Europe Proposes Mandatory Safety Features for Vehicles: Why Radar Sensors Are Integral to This Initiative?
Radar sensors have found widespread applications in advanced driver assistance systems, such as adaptive cruise control and automatic emergency braking.
“According to an HTSA study, 37,461 Americans died on United State highways in 2016 as a result of automobile accidents, of which 94% were due to human error.”
In the automotive industry, the comparatively higher cost of Lidar has limited its adoption in high-volume, lower-cost vehicles. On the other hand, optical cameras struggle in poor lighting conditions and cannot inherently determine the range of targets. Ultrasonic sensors are cheap but have a very limited range. Radar is relatively cheaper and can simultaneously detect and determine the range, velocity, and angle of arrival of multiple targets in very poor lighting and weather conditions.
Radar has emerged as one of the key technologies in autonomous driving systems. Some of today’s self-driving cars, such as Zoox, are equipped with more than 10 radars, providing a 360-surround sensing capability under all weather conditions. Different from ground-based or airborne surveillance radars, automotive radars are strictly required to have a small size, short range, and low power, so they can be integrated behind the vehicle bumper or windshield and operated in a highly dynamic propagation environment with rich multipath.
Today’s high-performance radar has evolved towards an imaging sensor, visualizing the whole environment in multiple dimensions, without comprising any privacy issues. Although radar is a mature technology in the automotive domain, still several challenges exist in radar signal processing: Multipath reactions arising from sensors positioned behind the vehicle bumper, and detection of mutual interference due to other cars’ radar sensors operating in the same frequency bands.

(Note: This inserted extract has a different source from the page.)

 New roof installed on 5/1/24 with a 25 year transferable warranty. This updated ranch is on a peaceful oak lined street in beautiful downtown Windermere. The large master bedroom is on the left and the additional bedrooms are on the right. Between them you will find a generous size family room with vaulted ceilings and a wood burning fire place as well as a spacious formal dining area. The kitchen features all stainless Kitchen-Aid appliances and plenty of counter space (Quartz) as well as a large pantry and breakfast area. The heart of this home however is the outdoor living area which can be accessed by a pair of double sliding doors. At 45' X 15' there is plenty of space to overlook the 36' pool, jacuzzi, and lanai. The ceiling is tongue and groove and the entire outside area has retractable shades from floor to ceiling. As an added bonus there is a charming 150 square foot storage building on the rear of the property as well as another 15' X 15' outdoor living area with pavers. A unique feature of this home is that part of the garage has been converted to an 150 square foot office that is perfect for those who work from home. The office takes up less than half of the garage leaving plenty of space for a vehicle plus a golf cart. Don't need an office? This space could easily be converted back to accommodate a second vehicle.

Angular resolution becomes necessary in many cases where targets cannot be resolved sufficiently in both range and velocity domains. Even better resolution is needed in highly dynamic scenarios, such as two cars on a highway 100m to 200m ahead of the ego vehicle, with a lateral spacing between two lanes of around 3.75 m. In order to distinguish the reactions in this particular situation, an angular resolution of approximately 1:1 is necessary for a distance of 200 m. This is in line with the requirements of less than 1 resolution for both azimuth and elevation, special for Level 4 and Level 5 autonomous driving.
In fact, the European New Car Assessment Program has mandated that vehicles must have the ability to determine if a detected obstacle should be driven over, such as a man-hole cover, soda can, etc., under (overpass, overhead road sign, etc.), maneuvered around or avoided by braking in the worst case as part of active-safety definition.

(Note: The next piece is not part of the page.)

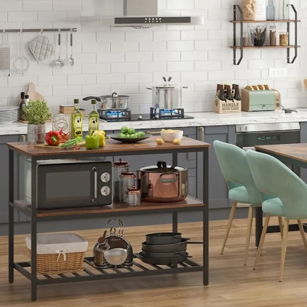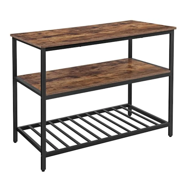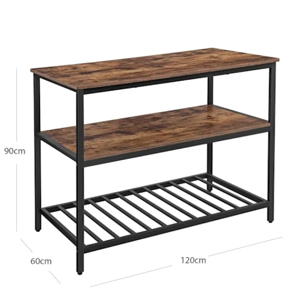 Rymlig köksö med stabil stålram och öppna hyllor i rustik industristil

At the application level, although millimeter wave radar has been widely used in mass-produced cars for active safety functions such as automatic emergency braking and forward collision warning, it is overlooked in autonomous driving. Recently, Tesla announced the removal of radar sensors from its semi-autonomous driving system Autopilot in 2022.
In the CVPR 2021 workshop, Tesla’s director of AI, Andrej Karpathy, explained their reason by presenting three typical scenarios for radar malfunctions, including lost tracking due to significant deceleration of the front vehicle, false slow down under bridges, and missed detection of a stationary vehicle parked on the side of the main road.
Since the introduction of 4D radar, we believe that the era of deep radar perception has arrived. Conventional automotive radars have a low resolution in elevation and, therefore, return a two-dimensional point cloud. The new generation of high-resolution radar achieves a higher angular resolution in both azimuth and elevation. Because it can measure 3D position and Doppler velocity, it is always referred to as a 4D radar in the marketplace.
4D radar has the advantages of a long detection range, such as up to 300 m, all-weather operation, low power consumption, and low cost. Another benefit is that 4D radar could track objects not directly in front of the vehicle, making it more effective in detecting blind spots and vehicles approaching from the side and behind. 4D radar costs less than LiDAR and has a longer lifespan since it doesn’t rely on mechanical and spinning parts as LiDAR does.